_What to work on_: A word-for-word copy of the listing is required, and it must contain no pictures.

_Data for review_:
---
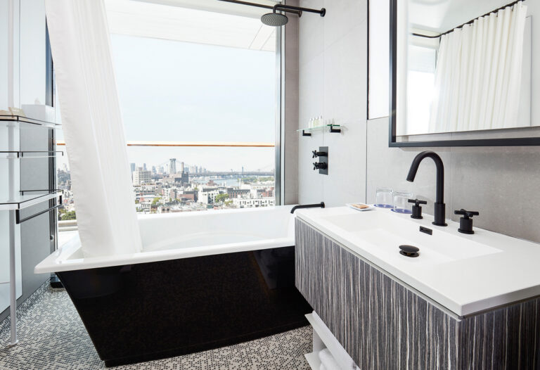 Modern bathroom with black fixtures, deep soaking tub, and city view through large window.
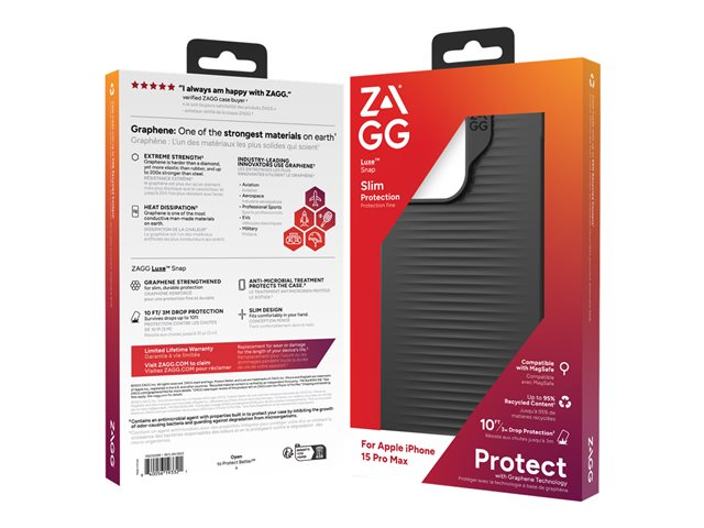 Telefonen din fortjener Luxe-behandlingen. Gå utover grunnleggende beskyttelse med Luxe Snap-dekselet fra ZAGG. Dette MagSafe-kompatible dekselet har blitt testet for å beskytte telefonen din mot fall på opptil 3 meter (10 fot). Det komfortable grepet og den myke, glatte overflaten føles godt i hånden, og den slanke designen passer lett i lommen.
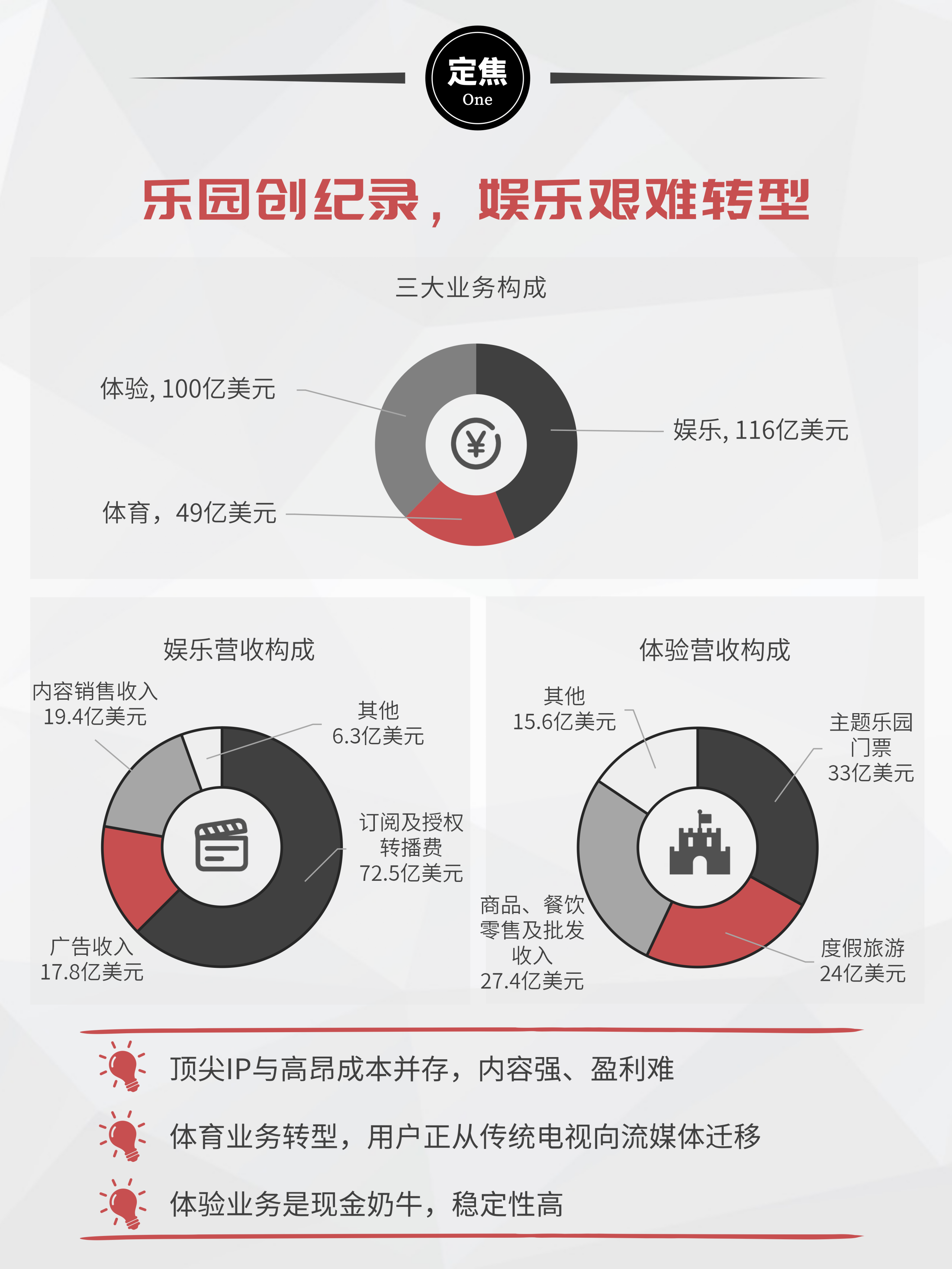 从各个业务板块来看,体验业务(Experiences,主要指线下乐园)是本季财报的最大亮点。该板块季度营收首次突破100亿美元大关,同比增长6%,创历史新高。
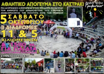 Προκήρυξη Οι Δρομείς Υγείας Γρεβενών, διοργανώνουν την ετήσια δρομική, περιπατητική και φυσιολατρική συνάντηση «ΑΘΛΗΤΙΚΟ ΑΠΟΓΕΥΜΑ ΣΤΟ ΚΑΣΤΡΑΚΙ», το Σάββατο 5 ...
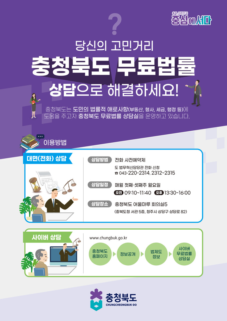 충청북도 무료법률상담실은 충북도민 누구나 일상생활과 관련하여 발생하는 법률문제(부동산, 형사, 세금, 행정 등)를 편리하게 상담받을 수 있도록 다양한 법률서비스를 제공한다.
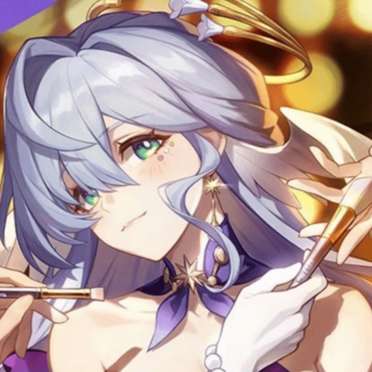 A Halovian singer born in Penacony and rose to cosmic fame. An elegant and demure young lady. This time, she has been invited home by 'The Family' to grace everyone with a song at the Charmony Festival. She uses the power of Harmony to broadcast her music, manifesting "resonance" among all lifeforms
---
_Task answer_:
 Modern bathroom with black fixtures, deep soaking tub, and city view through large window.
 Telefonen din fortjener Luxe-behandlingen. Gå utover grunnleggende beskyttelse med Luxe Snap-dekselet fra ZAGG. Dette MagSafe-kompatible dekselet har blitt testet for å beskytte telefonen din mot fall på opptil 3 meter (10 fot). Det komfortable grepet og den myke, glatte overflaten føles godt i hånden, og den slanke designen passer lett i lommen.
 从各个业务板块来看,体验业务(Experiences,主要指线下乐园)是本季财报的最大亮点。该板块季度营收首次突破100亿美元大关,同比增长6%,创历史新高。
 Προκήρυξη Οι Δρομείς Υγείας Γρεβενών, διοργανώνουν την ετήσια δρομική, περιπατητική και φυσιολατρική συνάντηση «ΑΘΛΗΤΙΚΟ ΑΠΟΓΕΥΜΑ ΣΤΟ ΚΑΣΤΡΑΚΙ», το Σάββατο 5 ...
 충청북도 무료법률상담실은 충북도민 누구나 일상생활과 관련하여 발생하는 법률문제(부동산, 형사, 세금, 행정 등)를 편리하게 상담받을 수 있도록 다양한 법률서비스를 제공한다.
 A Halovian singer born in Penacony and rose to cosmic fame. An elegant and demure young lady. This time, she has been invited home by 'The Family' to grace everyone with a song at the Charmony Festival. She uses the power of Harmony to broadcast her music, manifesting "resonance" among all lifeforms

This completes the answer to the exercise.